REQUIRED WORK
Copy the listing exactly; drop the pictures.

PROVIDED DATA
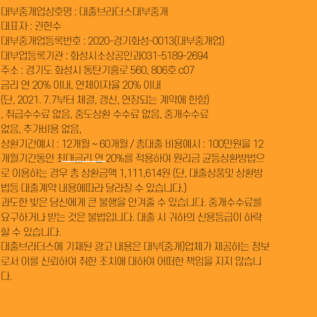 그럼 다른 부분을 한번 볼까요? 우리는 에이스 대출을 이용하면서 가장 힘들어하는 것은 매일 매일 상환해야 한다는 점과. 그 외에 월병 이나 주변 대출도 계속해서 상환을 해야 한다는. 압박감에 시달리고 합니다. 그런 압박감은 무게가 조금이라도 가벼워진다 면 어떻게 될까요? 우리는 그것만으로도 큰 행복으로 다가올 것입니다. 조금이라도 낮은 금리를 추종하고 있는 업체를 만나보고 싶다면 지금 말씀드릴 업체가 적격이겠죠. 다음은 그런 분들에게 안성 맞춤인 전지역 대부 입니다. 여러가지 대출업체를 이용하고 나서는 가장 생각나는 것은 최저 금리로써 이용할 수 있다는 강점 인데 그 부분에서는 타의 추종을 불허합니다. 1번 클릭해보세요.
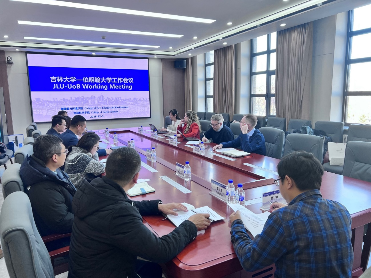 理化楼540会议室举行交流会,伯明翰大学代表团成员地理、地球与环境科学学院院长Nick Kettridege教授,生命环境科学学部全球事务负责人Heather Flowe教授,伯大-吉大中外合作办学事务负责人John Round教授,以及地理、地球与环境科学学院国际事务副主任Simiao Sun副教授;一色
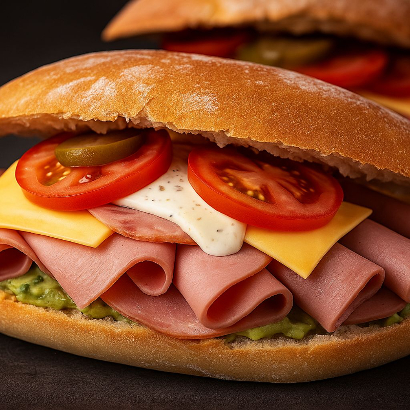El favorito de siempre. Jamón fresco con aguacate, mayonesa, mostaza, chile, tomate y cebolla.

EXERCISE SOLUTION
 그럼 다른 부분을 한번 볼까요? 우리는 에이스 대출을 이용하면서 가장 힘들어하는 것은 매일 매일 상환해야 한다는 점과. 그 외에 월병 이나 주변 대출도 계속해서 상환을 해야 한다는. 압박감에 시달리고 합니다. 그런 압박감은 무게가 조금이라도 가벼워진다 면 어떻게 될까요? 우리는 그것만으로도 큰 행복으로 다가올 것입니다. 조금이라도 낮은 금리를 추종하고 있는 업체를 만나보고 싶다면 지금 말씀드릴 업체가 적격이겠죠. 다음은 그런 분들에게 안성 맞춤인 전지역 대부 입니다. 여러가지 대출업체를 이용하고 나서는 가장 생각나는 것은 최저 금리로써 이용할 수 있다는 강점 인데 그 부분에서는 타의 추종을 불허합니다. 1번 클릭해보세요.
 理化楼540会议室举行交流会,伯明翰大学代表团成员地理、地球与环境科学学院院长Nick Kettridege教授,生命环境科学学部全球事务负责人Heather Flowe教授,伯大-吉大中外合作办学事务负责人John Round教授,以及地理、地球与环境科学学院国际事务副主任Simiao Sun副教授;一色
El favorito de siempre. Jamón fresco con aguacate, mayonesa, mostaza, chile, tomate y cebolla.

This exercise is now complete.